WellSaid Labs: How This Company Is Using AI To Drive Human Parity In Voice

By Amit Chowdhry ● Sep 16, 2024

WellSaid Labs is a leading AI text-to-speech technology company and the first synthetic media service to achieve human parity in voice. Pulse 2.0 interviewed WellSaid Labs co-founder Matt Hocking to learn more about the company.

Formation Of WellSaid Labs

How did the idea for the company come together? Hocking said:

“Since the beginning of my career, I have always wanted to develop businesses with real solutions for people. I have a background in design and technology, which nurtured a long-time interest in the creative fields, and I wanted to find a new way to connect that to technology. I started in the early-stage startup community in New York, working alongside other entrepreneurs trying to get their ideas off the ground.”

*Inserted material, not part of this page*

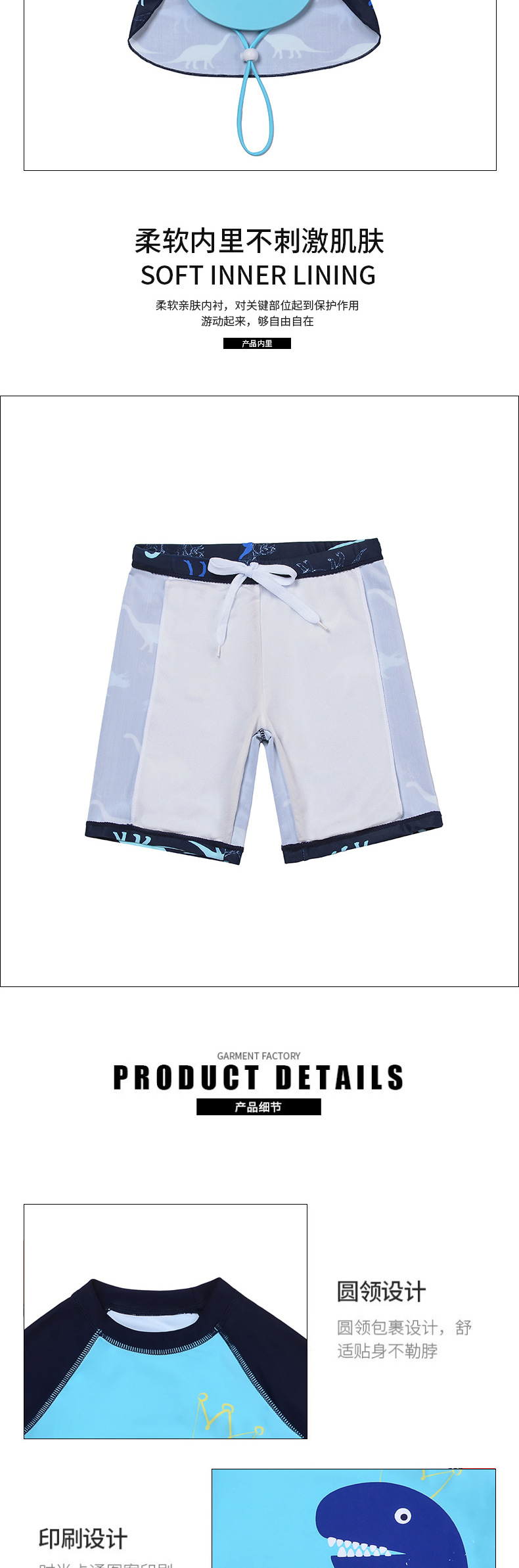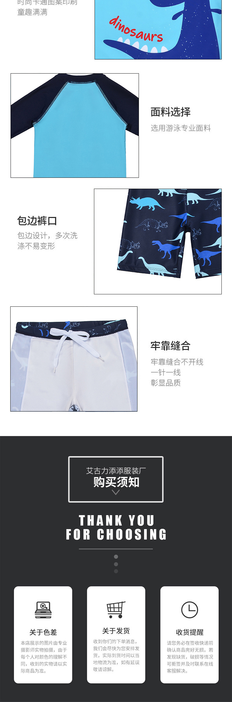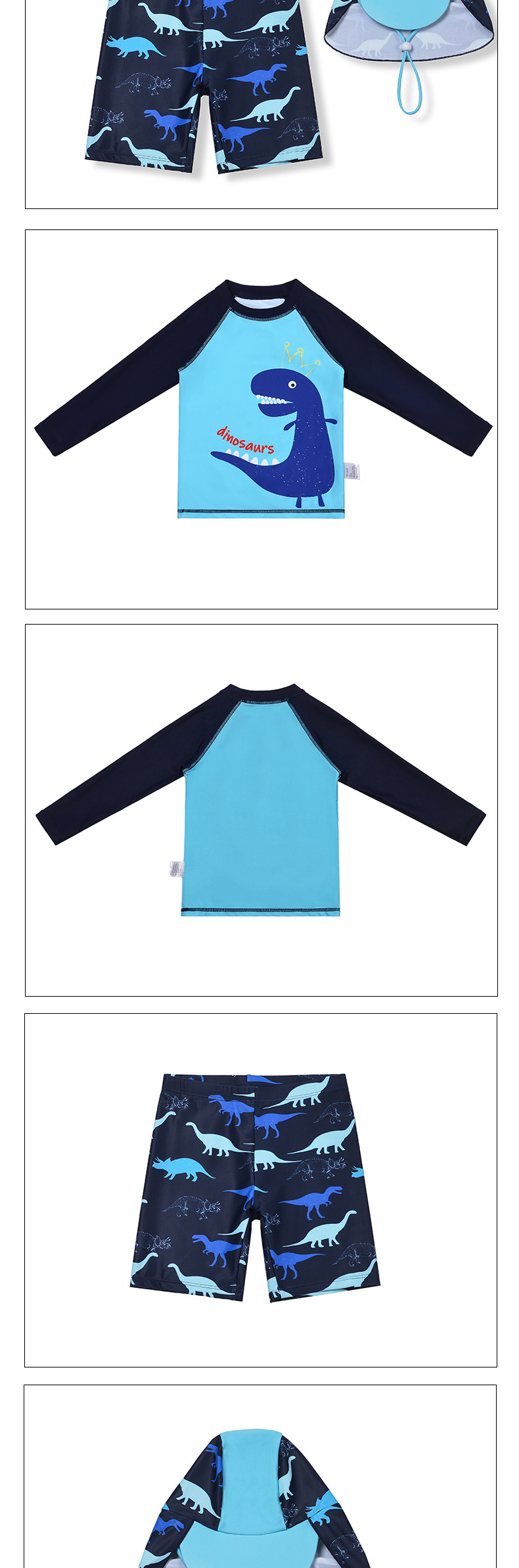 어린이 수영복 세트 남아용 분리형 한국 만화 공룡 빠른 건조 중대형 어린이 남아용 수영복 3피스 세트 수영 모자 포함
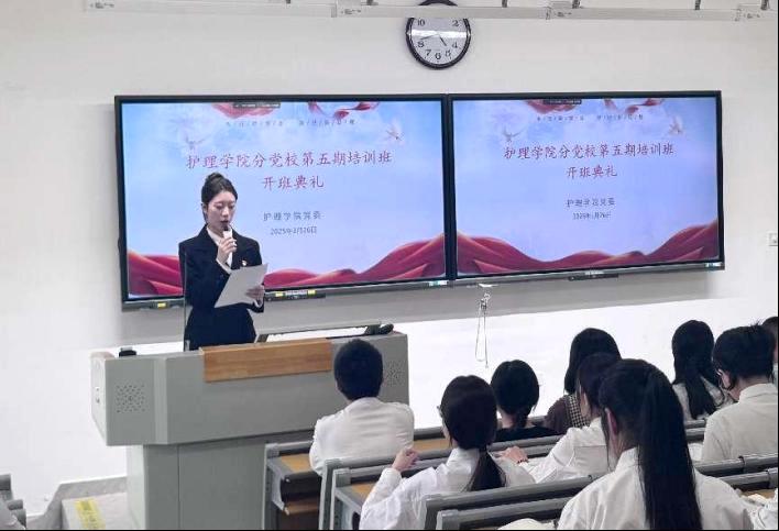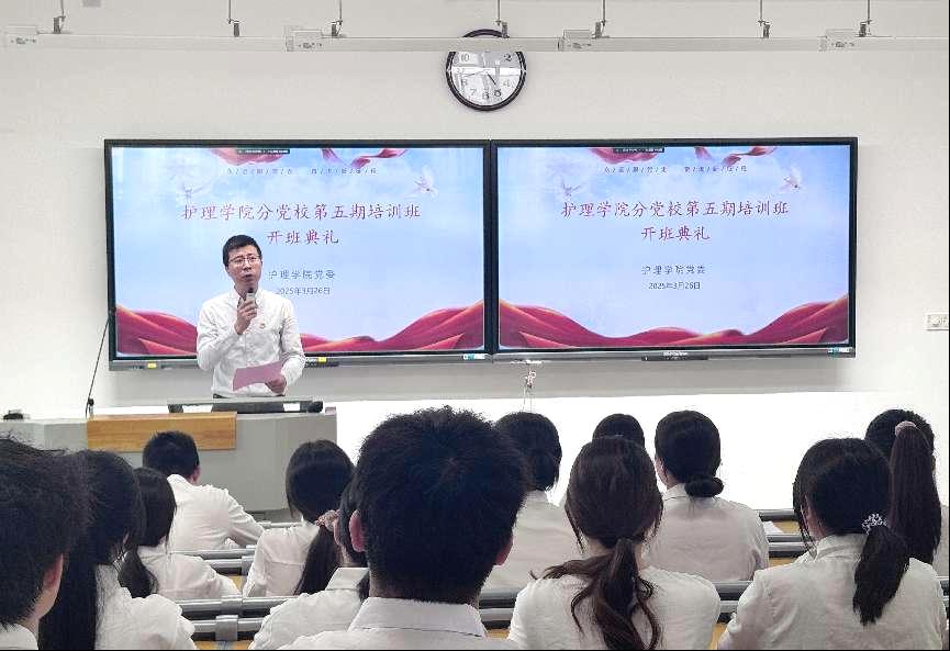 為深入學習貫徹習近平新時代中國特色社會主義思想,切實加強入黨積極分子的教育培養(yǎng)。2025年3月27日,護理學院分黨校第五期入黨積極分子培訓班開班典禮在護理學院第五階梯教室隆重舉行。黨委領(lǐng)導班子、黨支部書記、團總支指導老師與60名入黨積極分子出席開班典禮。

“In 2018, I joined The Allen Institute for Artificial Intelligence (AI2) as an Entrepreneur in Residence and was inspired by the ways different founders were making AI research and solutions more practical and scalable. While exploring business ideas at AI2, I was introduced to Michael Petrochuk (WellSaid Labs co-founder), who was working on deep learning research for voice-centric healthcare avatars. Michael’s idea set off a lot of alarm bells for me – in terms of how much time and money this technology could save – in a way that has never been done before. Since then, we’ve pieced together the progression from an AI text-to-speech (TTS) generator to an audio foundation model that not only receives the prompt but renders it in a way comparable to a human voice recording. We wanted to take the concept of a human-quality recording and deliver it in a basic, easy-to-use studio experience so users can audition virtual voice actors to make a recording of their script instantly.”

Core Solutions

What are the company’s core solutions and features? Hocking explained:

“WellSaid Labs offers two main products: WellSaid Studio and AP.”

WellSaid Studio is a creative space where teams across any enterprise organization explore ethically sourced diverse voices tailored to their creative vision. With a spectrum of 110+ voice styles, Studio is designed for creatives, allowing teams to make edits and record retakes on-demand in a shared creative environment. Companies have the ability to get a customized voice avatar as well for their brand needs.”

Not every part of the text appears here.